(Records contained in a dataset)
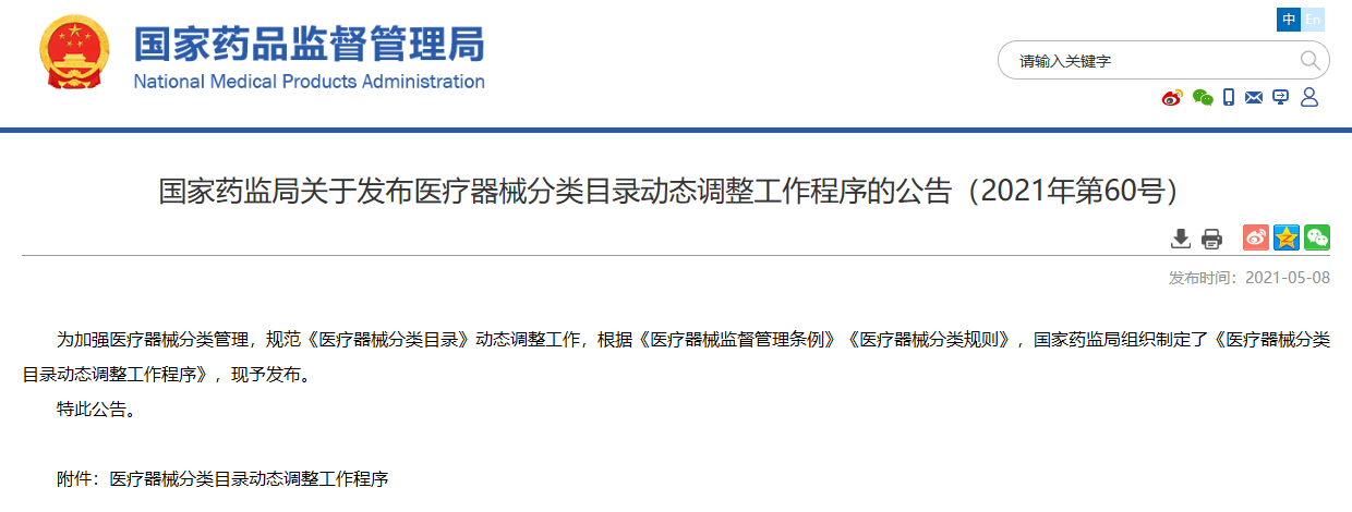 關于發(fā)布醫(yī)療器械分類目錄動態(tài)調(diào)整工作程序的公告(2021年第60號)
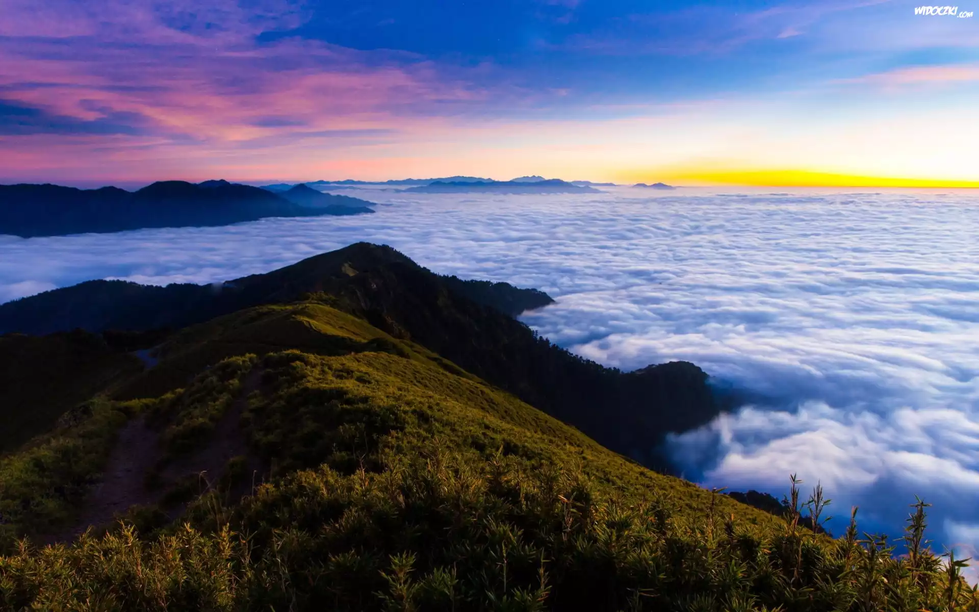 Zdjęcia, Góry, Ścieżka, Chmury, Wschód, Słońca
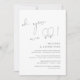 Esta es la tarjeta de invitación para la fiesta de boda secreta, con diseño de letra gris oscuro minimalista / minimalismo (oh sí, lo hicimos)
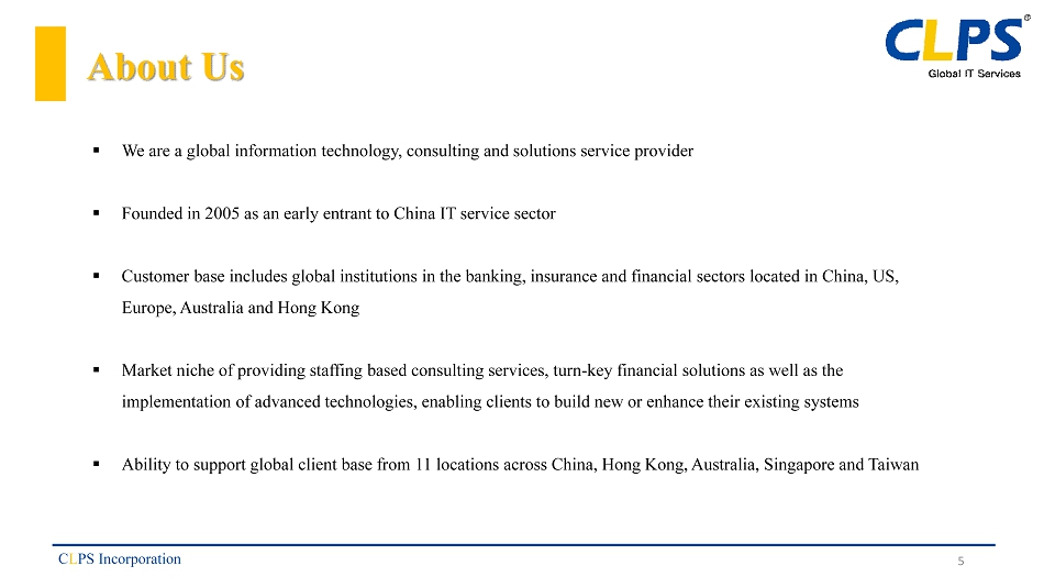 Offering Summary Issuer/Ticker CLPS Incorporation Type of Offering Initial Public Offering Exchange NASDAQ Capital Market Symbol CLPS Shares Outstanding Pre - offering 11 , 290 , 000 Expected Offering Size: 2 , 000 , 000 Shares Over - allotment Option 300 , 000 Shares Price Range $ 5 . 00 to $ 5 . 50 per Share Use of Proceeds Global expansion, working capital and general corporate purposes, R&D and talent development C L PS Incorporation 4
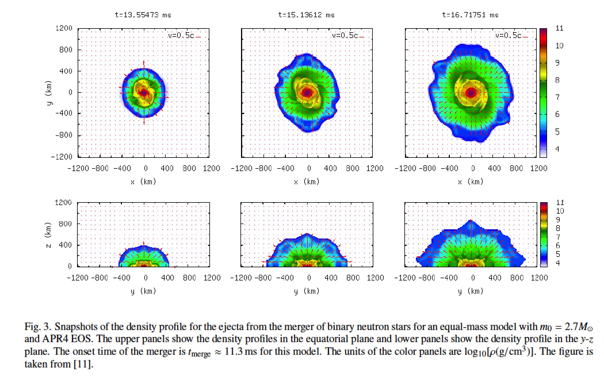 LIGO和VIRGO直接探测到中子星—中子星并合事件所产生的引力波,以及对中子星并合过程的研究,又有着怎样的科学意义呢?我们可以举些直观的例子。在前文中我们提到,一些碰撞过程中产生的碎屑会离开中心天体。这些碎屑质量约为太阳质量的0.001倍到0.1倍,速度则在光速的10%到30%之间[13]。这些碎屑会像超新星爆发那样以近球状溅射开来,并很可能作为快速中子捕捉过程(r-process)的发生地存在[7]。快速中子捕捉过程被认作是生成比铁元素更重的元素的重要来源:重核在放射性衰变尚未发生以前就捕获中子,从而生成更重的元素(如金、银等)。因此,对中子星并合过程及其喷射出的碎屑的研究,或许能一定程度解答原子序数大于56(铁)的元素如何生成这一难题。
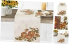 30 Days Return Policy Fast Delivery Trusted seller Stockbridge Pumpkin Harvest Bordered Thanksgiving FabricTable Runner, Autumn Fall Leaf, Sunflower and Acorn Border Print 70 Inch Long Table Runner Product Description Easy Care 100% Polyester, Soil Resistant, No-iron Fabric Placemats Imported Stockbridge Pumpkin Harvest Bordered Thanksgiving FabricTable Runner, Autumn Fall Leaf, Sunflower and Acorn Border Print 70 Inch Long Table Runner Bordered fabric 13" wide x 70" long table runner STYLING: The Stockbridge Pumpkin Harvest Bordered Thanksgiving, Easy Care Fabric Tablecloth features a 4 sided border with bold pumpkins on their vines with sunflowers, fall leaves and acorns and a center rectangular leaf garland pattern on a two tone beige leaf background with a rust border. FEATURES: Beautiful Easy Care, Soil Resistant and Permanent Press Kitchen and Dining Room Yable Runne for Fall, Autumn and Thanksgiving Dining, Entertaining, Parties, Picnics, Restaurants and Cafeterias. Indoor and Outdoor Thanksgiving Holiday Table Runners Napkins sold separately. Easy Care 100% polyester construction is machine washable and tumble dry and requires little or no ironing Shipping Returns Payment Shipping Shipping is FREE to all addresses other than APO/PO boxes in the lower 48 states. All our stock ships from US-based warehouses. Shipped via USPS or UPS (depending on location and package weight) Unless stated otherwise, all orders will ship within 24-72 hours of your payment being processed. Check our feedback to see the great reviews of FAST shipping we offer. Returns As our valued customer, we will do our best to make sure the product you receive arrives to you on time and as expected. If you are not satisfied with your purchase, please contact us within 30 days of receiving your order to process a return. Payment We currently accept payment via eBay managed payments only. Once payment is cleared, we will dispatch your shipment within 1-3 business days. Please refer to the "Shipping" tab for more information regarding shipping speed to your destination.

What to do - All lines from the start of the entries through the one with "LIGO和VIRGO直接探测" are to be output exactly; omit the pictures.

Answer box -
 關于發(fā)布醫(yī)療器械分類目錄動態(tài)調(diào)整工作程序的公告(2021年第60號)
 Zdjęcia, Góry, Ścieżka, Chmury, Wschód, Słońca
 Esta es la tarjeta de invitación para la fiesta de boda secreta, con diseño de letra gris oscuro minimalista / minimalismo (oh sí, lo hicimos)
 Offering Summary Issuer/Ticker CLPS Incorporation Type of Offering Initial Public Offering Exchange NASDAQ Capital Market Symbol CLPS Shares Outstanding Pre - offering 11 , 290 , 000 Expected Offering Size: 2 , 000 , 000 Shares Over - allotment Option 300 , 000 Shares Price Range $ 5 . 00 to $ 5 . 50 per Share Use of Proceeds Global expansion, working capital and general corporate purposes, R&D and talent development C L PS Incorporation 4
 LIGO和VIRGO直接探测到中子星—中子星并合事件所产生的引力波,以及对中子星并合过程的研究,又有着怎样的科学意义呢?我们可以举些直观的例子。在前文中我们提到,一些碰撞过程中产生的碎屑会离开中心天体。这些碎屑质量约为太阳质量的0.001倍到0.1倍,速度则在光速的10%到30%之间[13]。这些碎屑会像超新星爆发那样以近球状溅射开来,并很可能作为快速中子捕捉过程(r-process)的发生地存在[7]。快速中子捕捉过程被认作是生成比铁元素更重的元素的重要来源:重核在放射性衰变尚未发生以前就捕获中子,从而生成更重的元素(如金、银等)。因此,对中子星并合过程及其喷射出的碎屑的研究,或许能一定程度解答原子序数大于56(铁)的元素如何生成这一难题。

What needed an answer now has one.